Re:WHICH ONE?! (Score:4, Informative)
1701-D would have been huge, perhaps too large to be feasible, the !701-A was 289 M long, 72 M high and 127 meters wide which would make it a lot more feasible
Re:They are timeless and universal (Score:4, Informative)
There's a Tower of Pisa in Vegas?
Not exactly, but it was called that early in its development
http://en.wikipedia.org/wiki/Veer_Towers [wikipedia.org]
Google Street View Link [google.com]
Re:I vote for 1701-A (Score:4, Informative)
Supposedly the Constitution class could do saucer-sep maneuvers nearly as easily as the Galaxy class.
Don't know if that's canon or not, but I definitely read it in a novel or two back in the day.
Re:WHICH ONE?! (Score:5, Informative)
This is a point worth emphasising. The actual ships in Star Trek really are on an space age scale. The ship supposed to be over 1km long.

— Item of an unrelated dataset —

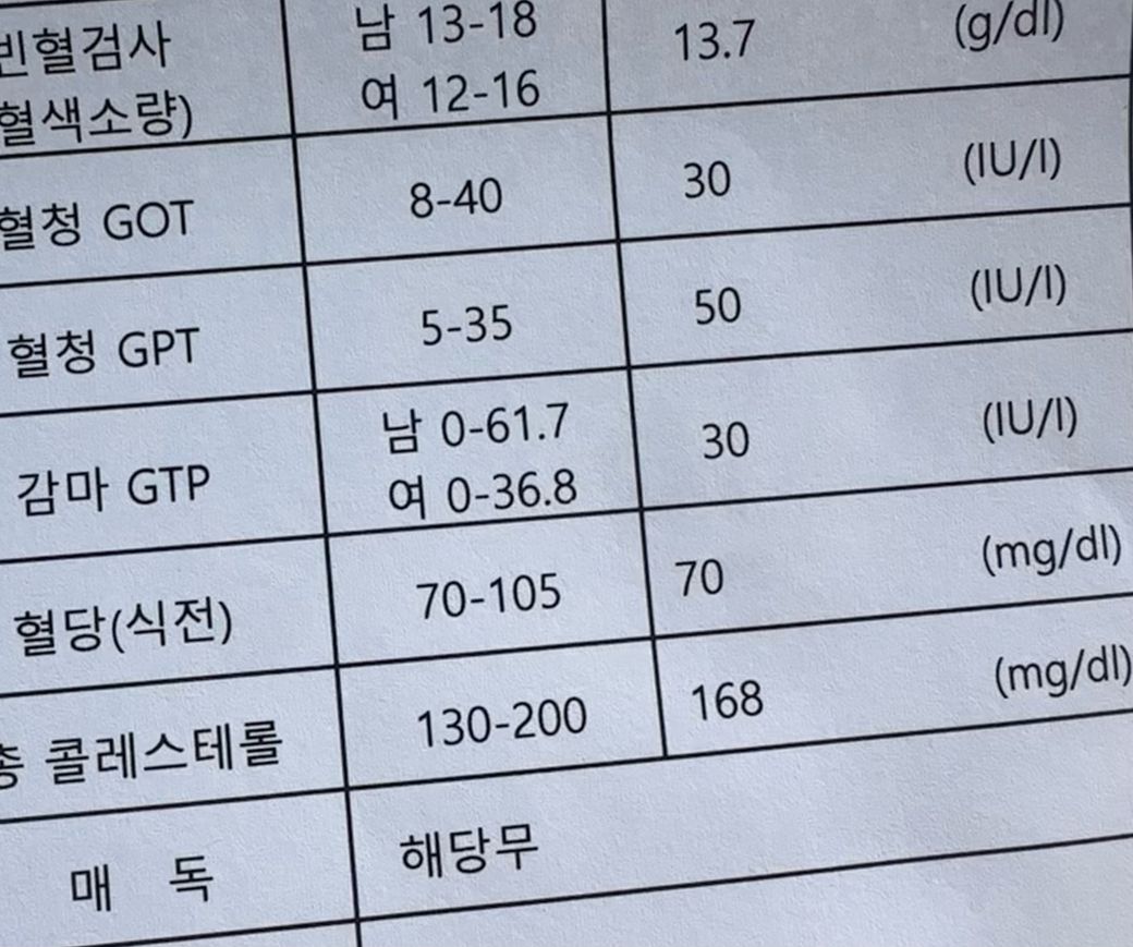 간 수치를 유발 할 수 있는 과도한 음주, 불필요한 건강기능식품의 과다 섭취, 한약, 민간 요법은 피하고 추후 추적 검사를 받아보기 바랍니다.

Rather than quote statistics, I'll just link to a Minecraft Megaproject video [youtube.com] of a virtual 1:1 scale model of the ship (to 1m resolution). It's a lot bigger than the impression given by the Paramounts sets in the show. Seeing shuttle-bay 1 was an experience in itself, and illustrative of just how infeasible building such an object would really be.
Except Eiffel Tower was no monument (Score:4, Informative)
In Bavaria, Ludwig II von Sachsenhausen caused a load of pre-Hollywood fantasy castles to be built; for many people they are the defining image of Bavaria. Personally I barely know the difference between Star Trek and Star Wars, but I suspect that a huge building in the shape of an enormous fantasy spaceship would, in exactly the same way, define its own myth. If it wasn't built too well, before long there would be a campaign to rebuild or restore it.
Re:WHICH ONE?! (Score:5, Informative)
According to a page I found on the Internet, "D" is 642.5m long. But point taken, still big though. I don't know if that would have been profitable to build well.
The quote in the article:
"I don't want to be the guy that approved this and then it's a flop and sitting out there in Vegas forever."
Nothing in Vegas stays forever. It's usually demolished to make way for the next thing, it doesn't matter if the building is steeped in history, if it's not profitable enough, it goes.